THE PROBLEM:
Set down the data below in full and exactly, minus the pictures.

SUPPLIED MATERIAL:
# # # #
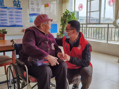 来到曲靖市老年公寓。穿过樱花盛开的逶迤小道,大家在公寓的四楼和五楼,为老人们送上小礼物和诚挚的祝福。青年们与老人一一结对,陪他们聊天、谈心,了解他们的人生经历和在老年公寓的日常生活,大家逐渐亲切起来,“我是东北人,以前在贵州工作,我们那会儿……”“我女儿也是建行的,前几年刚退休,今天看到你们就像见到了亲人……”话匣子打开就停不下来。在真心付出、帮助他人的同时,青年们也从老人那里收获了为人处世的珍贵锦囊。
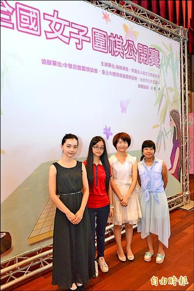第十六屆全國圍棋女子公開賽昨登場,職業女棋士黑嘉嘉(左起)、俞俐均、張正平、蕭愛霖出席為選手打氣。(記者黃立翔攝)
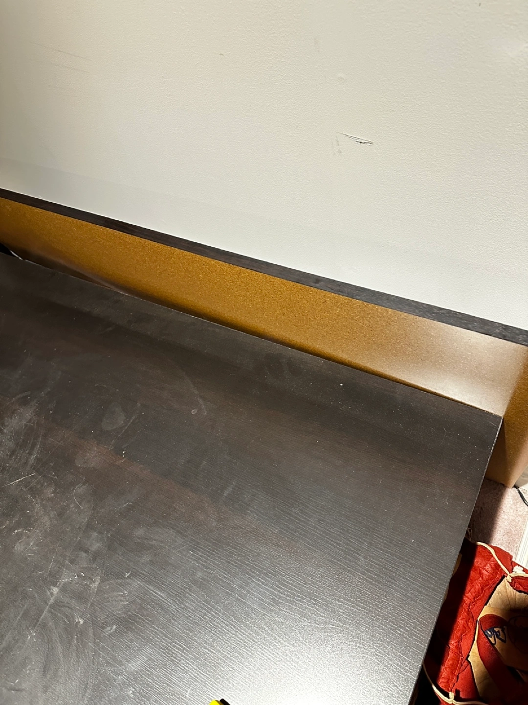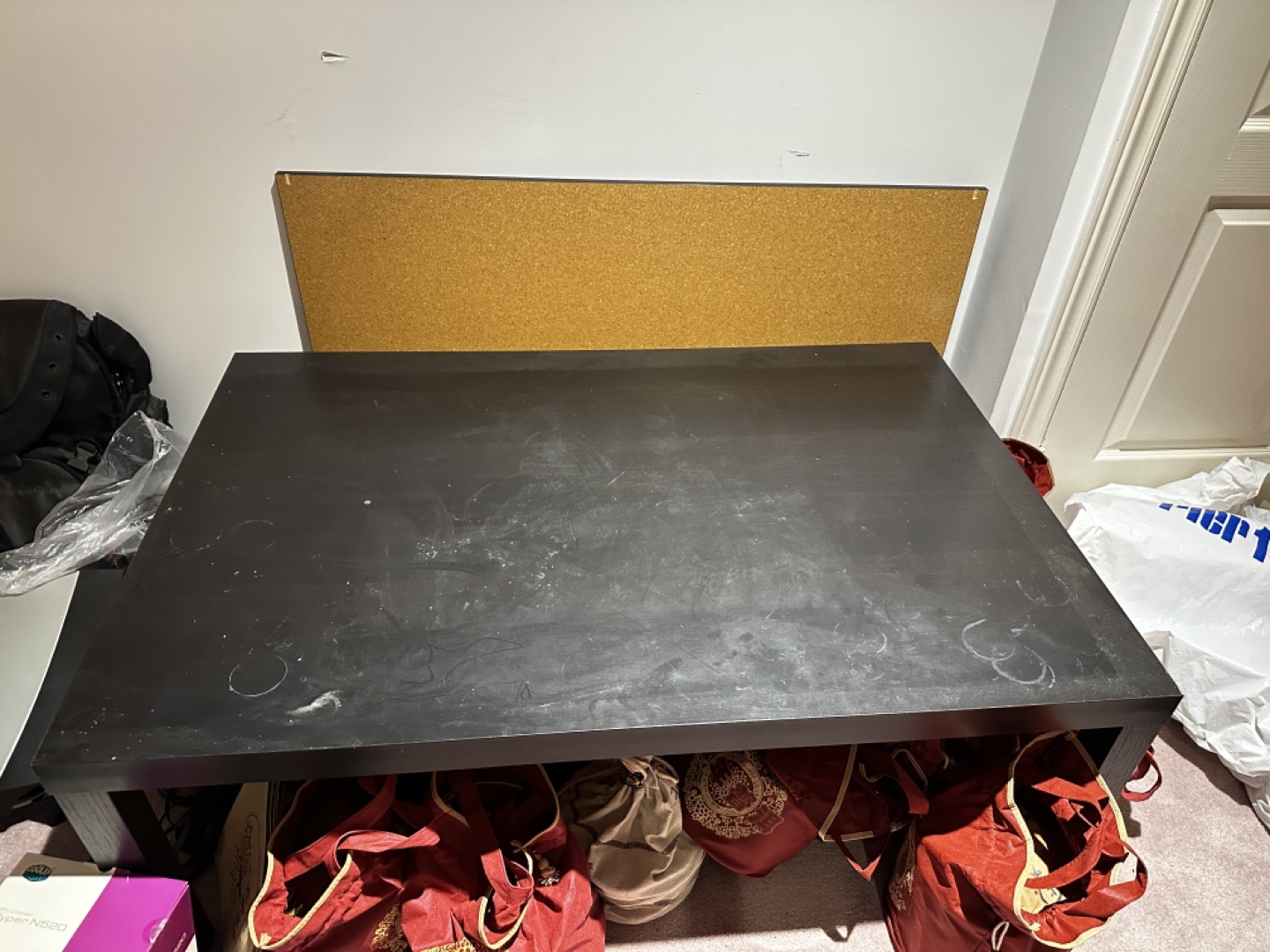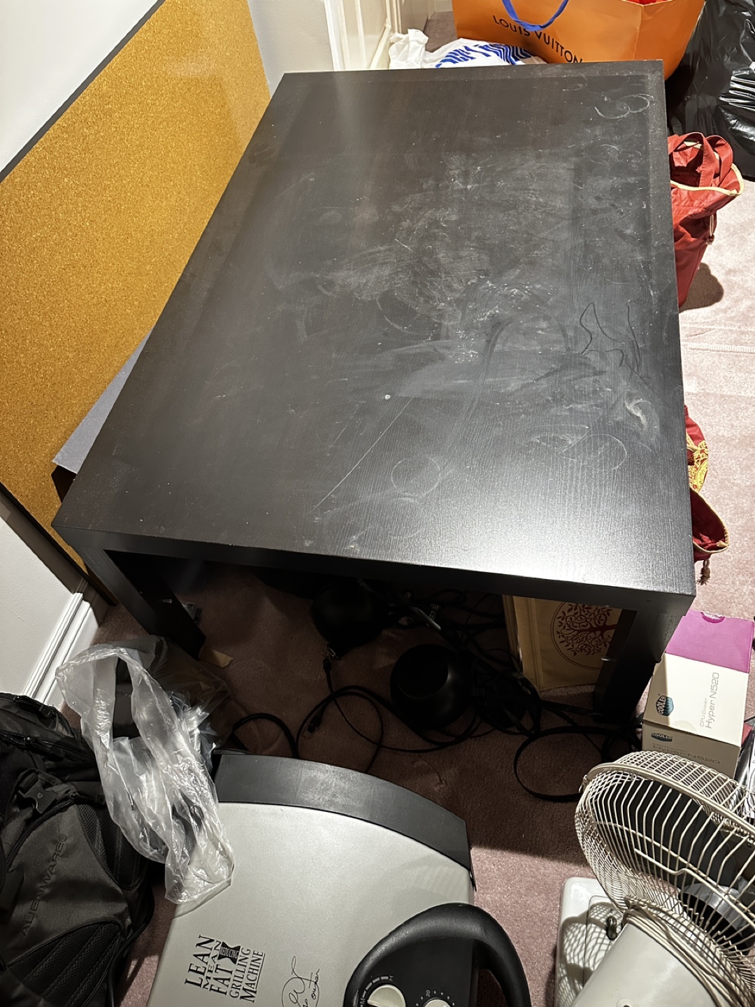 Simple black coffee table. Features open storage underneath. Shows some minor wear.
# # # #
EXERCISE RESPONSE:
 来到曲靖市老年公寓。穿过樱花盛开的逶迤小道,大家在公寓的四楼和五楼,为老人们送上小礼物和诚挚的祝福。青年们与老人一一结对,陪他们聊天、谈心,了解他们的人生经历和在老年公寓的日常生活,大家逐渐亲切起来,“我是东北人,以前在贵州工作,我们那会儿……”“我女儿也是建行的,前几年刚退休,今天看到你们就像见到了亲人……”话匣子打开就停不下来。在真心付出、帮助他人的同时,青年们也从老人那里收获了为人处世的珍贵锦囊。
第十六屆全國圍棋女子公開賽昨登場,職業女棋士黑嘉嘉(左起)、俞俐均、張正平、蕭愛霖出席為選手打氣。(記者黃立翔攝)
 Simple black coffee table. Features open storage underneath. Shows some minor wear.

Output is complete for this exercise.